(Libération (Mme de Valleys) m’avait demandé de faire une tribune libre avec Henri Meschonnic sur notre proposition, dans l’actualité de cette époque (Mme de Valleys nous avait fait un long interview commun en 2001). J’ai pensé qu’il serait mieux qu’Henri écrive tout seul un texte sur cette proposition puisque c’est moi qui l’aie écrite. Finalement, Libération n’a pas publié le texte.)
Claude Sicre
Il faudrait que tout le monde prenne conscience de l’importance historique qu’a l’amendement voté par l’Assemblée Nationale le 22 mai dernier à l’article 1 de la constitution, déclarant au sujet de la République française, que : « Les langues régionales appartiennent à son patrimoine ». Incluant ainsi ces langues dans à la fois l’histoire de France et l’histoire de la langue française, que François 1er en 1539 à Villers Cotterets avait déclarée – c’était contre le latin, à l’époque – seule langue de France, langue officielle des arrêtés officiels.
Mais la réalité historique et géographique de la France était celle d’une pluralité de langues. L’abbé Grégoire en 1790, pour diffuser les idées révolutionnaires, la révolution partant de Paris, voulait éliminer les patois comme refuges de la féodalité et de la royauté. Encore à la fin du XIXe siècle la République luttait pour imposer le français langue nationale. Car il y avait huit ou neuf langues populaires. Encore en1914-1918, selon les régions, peu connaissaient la langue nationale. Les Bretons ont eu plus de morts que la moyenne nationale à la guerre, parce que peu savaient le français.

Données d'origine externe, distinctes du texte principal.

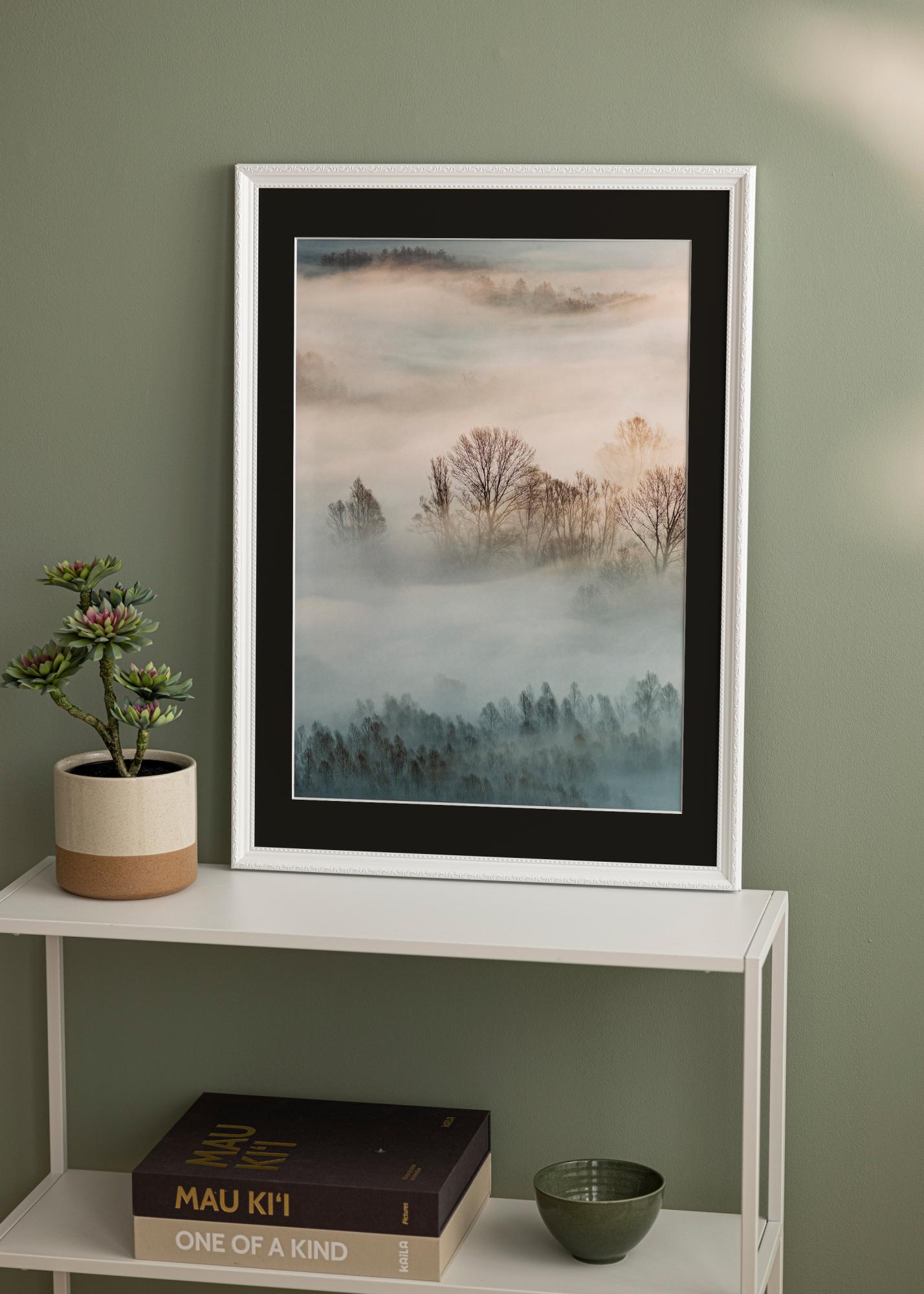 Dajte svojim najljubšim slikam pozornost, ki si jo zaslužijo, z elegantnim belim okvirjem, dopolnjenim s črno paspartu. Ta sofisticirana kombinacija poudarja kontrast in globino vaše fotografije ali umetnine, hkrati pa ščiti pred neposrednim stikom s steklom. Z velikostjo okvirja, prilagojeno slikam 8x10 palcev, paspartu omogoča profesionalno uokvirjanje in vizualni predah, ki usmerja pogled opazovalca na motiv.

Ce rappel n’est pas tourné vers le passé, il est tourné vers le présent et l’avenir, c’est pourquoi j’ai tenu à le faire. Ce n’est pas pour rien que, Parisien de naissance, je participe depuis plus de dix ans au Forum des Langues de Toulouse, créé par Claude Sicre. Parce que j’y ai appris des choses, au cours de ces débats et de ces rencontres. Je ne peux pas oublier un enseignant breton qui souffrait encore de la guerre des chouans et qui souhaitait qu’au plus haut niveau de l’Etat il y ait une déclaration pacificatrice comme Chirac avait fait pour Vichy et les Juifs. Elle n’a toujours pas été faite. L’histoire du passé n’est pas passée, il y en a encore, je l’ai vu de mes oreilles, qui souffrent le jour anniversaire de la saint Barthélemy.

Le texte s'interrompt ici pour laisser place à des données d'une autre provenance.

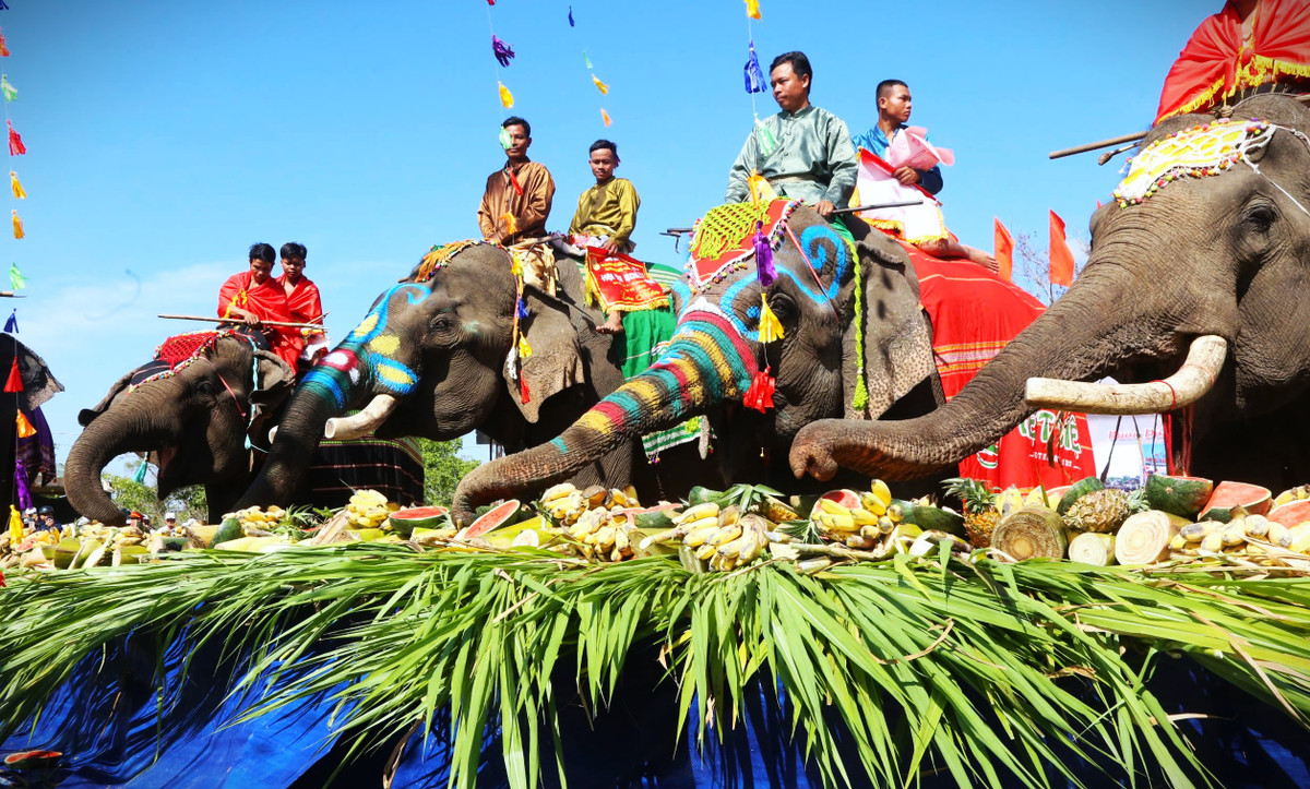 Sau khi thực hiện nghi lễ cúng sức khỏe, những chú voi được dự tiệc buffet hấp dẫn trong ngày hội gồm chuối, mía, dưa hấu...

Claude Sicre a raison d’attirer l’attention de la Ministre de la Culture (dépêchons-nous, pendant qu’il y a encore dans ce pays un Ministère de la Culture) sur le danger d’une interprétation régionaliste de cet amendement, qui refermerait, à contre-France, chaque région sur sa langue, supposant que sa langue n’intéresserait qu’elle-même.
Et Claude Sicre se bat pour qu’au contraire on comprenne que toutes ces langues de France sont nationales. Parce que leur histoire, et l’histoire de la culture française, est une histoire d’échanges, d’interaction. Parce que chaque langue est un langue-culture. Pas un instrument de communication.
La vraie reconnaissance que toutes les langues de France « appartiennent à son patrimoine » serait en effet, comme le Forum des Langues de Toulouse le propose, que partout en France on transforme l’enseignement de la culture française en y faisant entrer des initiations à ces langues-cultures, du breton à Strasbourg comme de l’alsacien à Rennes, de l’occitan à Lille comme du picard à Toulouse.
Alors vraiment on accèderait à une véritable histoire et à un véritable avenir, en reconnaissant mieux notre géographie culturelle.
Autant que j’en ai l’expérience, en tant qu’universitaire invité à peu près partout en France, j’ai pu me rendre compte qu’un des clichés culturels les plus tenaces, les plus anciens et les plus nocifs, c’est l’opposition entre Paris et la province. Beaucoup encore y croient, à cette stupidité. C’est un symptôme, à mes yeux, de ce que justement Claude Sicre dénonce comme du centralisme. Je dirais du provincialisme parisien.
L’enseignement de la pluralité des langues-cultures de France soignerait ce mal. Sans oublier que le gain serait double : pour la vie de ces langues (un thème à la mode est de pleurnicher sur la mort des langues, au moins ainsi on travaillerait pour qu’elles vivent), et pour le sens historique d’une solidarité. Sans oublier, étant donné l’histoire des immigrations, en France, depuis des siècles, les langues non territorialisées.
Alors, comme le dit la « proposition de nationalisation des langues-cultures de France » oui, il y aurait, par l’apprentissage que l’unité est une pluralité interne, « plus de démocratie et plus de république ».
Tout cela montre aussi l’importance majeure de l’enseignement dans la vie politique, dans l’éthique du politique.